University of Washington School of Medicine doctors have been observing a trend amongst some chronic cannabis users: stomach pain and prolonged or severe vomiting. These symptoms, which have been increasingly observed in emergency rooms according to UW Medicine, are now officially recognised as “cannabis hyperemesis syndrome.”
Dr. Chris Buresh, an emergency medicine specialist at UW Medicine and Seattle Children’s, noted, “It seems like we see a lot of people coming in with this nausea, and this vomiting. A lot of belly pain.” He added that as he and his colleagues would talk to patients, they often found that the patients experiencing these problems were regular cannabis users.
Cannabis hyperemesis syndrome is “a gut problem that starts within 24 hours of the most recent use and can last for days. Users experience symptoms cyclically three or four times a year,” according to UW Medicine.
The formal designation was recognised by the World Health Organization on 1 October. The WHO updated its International Classification of Diseases manual (ICD-10, currently) and standardised the new code, R11.16, which was also updated for US clinicians by the Centers for Disease Control and Prevention.
The formal recognition of cannabis hyperemesis syndrome will help addiction researchers collect data on the impacts of chronic cannabis use. Beatriz Carlini, a research associate professor at UW School of Medicine, Psychiatry and Behavioral Sciences Department, explained, “Now that we have a name, we can better educate society to understand that cannabis, yes, helps to control nausea in some people. It’s very helpful for some people. But the other side is the opposite. They also can provoke very painful vomit with a lot of stress.”
Dr. Buresh mentioned that a hot shower is one of the few treatments known to alleviate the symptoms of cannabis hyperemesis syndrome. UW Medicine indicated “one over-the-counter treatment that may ease symptoms is capsaicin cream, an analgesic that creates a sensation of heat.”
The formal recognition of cannabis hyperemesis syndrome by the World Health Organization and its incorporation into the International Classification of Diseases manual represents a significant milestone in documenting the adverse health effects associated with chronic cannabis use, providing medical professionals with standardised diagnostic criteria and enabling systematic data collection about a condition that has likely affected users for years without proper identification.
The syndrome’s paradoxical nature, where a substance widely recognised for anti-nausea properties in some contexts instead triggers severe nausea and vomiting in chronic users, challenges common assumptions about cannabis as a uniformly benign substance with primarily therapeutic effects. This complexity underscores the need for nuanced public health messaging that acknowledges both the legitimate medical applications of cannabis and the potential adverse effects that can emerge with heavy, prolonged use.
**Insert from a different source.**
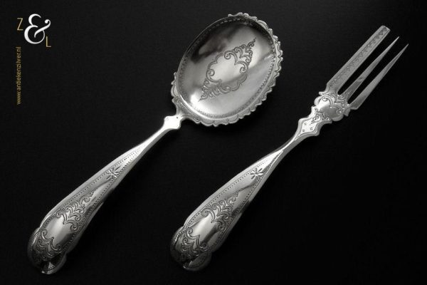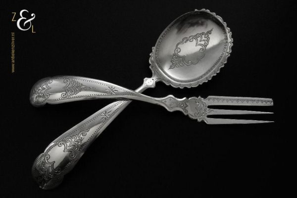 Gembercouvert gemaakt in Schoonhoven door Jacob Kooiman (meesterteken JK. boven 1 in vierkant) in het jaar 1885 (jaarletter A). Dit zilveren Jugendstil gembercouvert is geheel gegraveerd en heeft een cartouche in de met accoladerand uitgevoerde lepelbak. Het gembercouvert weegt 53 gram en is 17.9 cm lang. De lepelbak is 7 cm lang bij 5.1 cm breed.
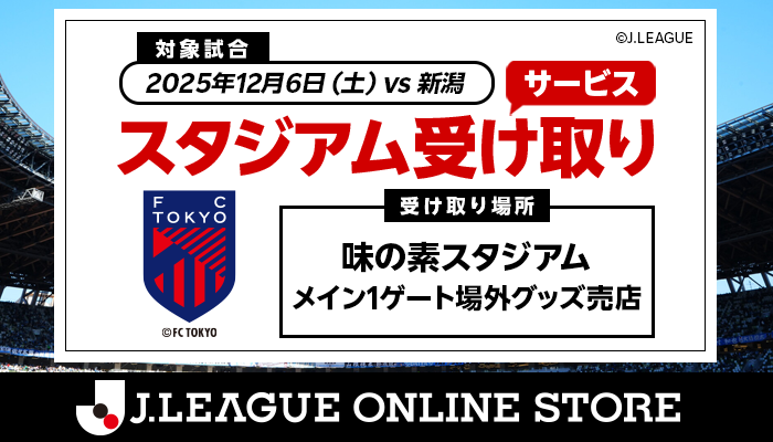 12月6日(土)アルビレックス新潟戦にて、Jリーグオンラインストアにて対象商品を事前購入いただくことで試合当日待機列に並ぶことなく商品を受け取れる『スタジアム受け取りサービス』を実施します。

The cyclical pattern described by UW Medicine, where users experience symptoms three or four times annually beginning within 24 hours of most recent use and lasting for days, creates a distinctive clinical profile that helps differentiate cannabis hyperemesis syndrome from other gastrointestinal conditions. This episodic nature, combined with the temporal relationship to cannabis consumption, provides diagnostic clues that can guide clinicians toward proper identification when patients present with unexplained severe vomiting.
Dr. Buresh’s observation that emergency departments are seeing increasing numbers of patients with these symptoms reflects both the growing prevalence of chronic cannabis use following legalisation in Washington and other states, and potentially improved recognition of the syndrome by medical professionals who are beginning to ask specific questions about cannabis consumption patterns when evaluating patients with intractable vomiting.
The assignment of a specific ICD-10 code (R11.16) provides practical benefits beyond research data collection. Standardised diagnostic codes enable insurance billing, facilitate communication between healthcare providers, support quality improvement initiatives tracking condition prevalence and treatment outcomes, and allow public health agencies to monitor trends in cannabis-related health complications as legalisation expands.